For tiny stuff, I have used doll size clothes pins. You may be able to find them at a craft store.

http://www.joann.com/mini-clothespins-25pk/zprd_10987782a.html#start=1


----------



## CTValleyRR (Jul 26, 2014)

Micromark (see above) is a good source for really specialized clamps. I have several dozen, including: 
-- Right angle clamps (standard and long)
-- Mini spring clamps (3/4", 1", and 2" capacity)
-- Cross locking clamps
-- 4 of the Irwin Quick Grip Micro-Bar clamps

I rarely encounter something I can't clamp with this variety, keeping in mind that sometimes you need to put two clamps in opposition, or use a strongback to apply pressure where you want it. 

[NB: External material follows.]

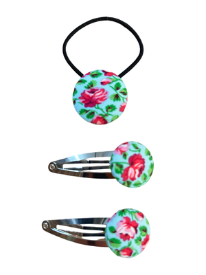 Add a charming touch to your little girl's hairstyle with our Red Roses hair clips and tie set!

There are also many home-grown solutions (clothes pins, rubber bands, etc.) that work, but I consider tools an investment, and don't hesitate to buy good ones.


----------



## J.C. (Dec 24, 2016)

for structures I use Coffman right angle clamps long and standard length think there the ones Micromart sells , using them for a pattern I built a set of 6 inch ones both inside (right angle) and out side Right angle) find the longer length to be useful also a set of 60 deg. and have a bunch of HF 6 inch bar clamps and a few 12 inch ones .


----------



## Lemonhawk (Sep 24, 2013)

Legos! Build a nice right angle out of Legos and use those mini clothes pins. You could also use 1-2-3 welding cubes (from Harbor freight) and magnets to give you a nice vertical surface. Probably about the same price as the Legos if you don't have kids


----------



## Nikola (Jun 11, 2012)

Binder clips and paper clips. And sometimes, a couple of neodymium magnets, one on each side or magnet(s) on one side and a piece of steel (sheet metal scrap or whatever) on the other.


----------



## MikeL (Mar 21, 2015)

Excellent ideas everyone - thanks!

Mike


----------



## sachsr1 (Mar 3, 2016)

I also fill rubber gloves with sand to hold things together. They're kind of like clamps, but a bit more flexible.


----------



## flyboy2610 (Jan 20, 2010)

I bought three of these:
https://www.harborfreight.com/4-3-4-quarter-inch-multipurpose-magnet-holder-1938.html

They are great for holding the walls of structures in alignment as the glue dries. One of them is placed inside the walls, and one is placed along one side of the two outside walls. Magnetic attraction holds them in place.

I also find that a corner clamp is sometimes useful.
https://www.harborfreight.com/3-in-corner-clamp-60589.html


----------



## Mr.Buchholz (Dec 30, 2011)

MikeL said:


> Hi everyone,
> 
> I was in Home Depot yesterday looking for small clamps / vises for my models (HO). They didn't have any smaller ones. Do I need to go to a specialty shop?
> 
> Mike


Lowe's and Canadian Tire sell a wider assortment of clamps than Home Depot. Also.....if you want smaller clamps for more precision, try Princess Auto. I've bought some really small clamps there. If that doesn't work, buy a package of assorted alligator clips (electrical). They make for good clamping in small situations.

-J.


----------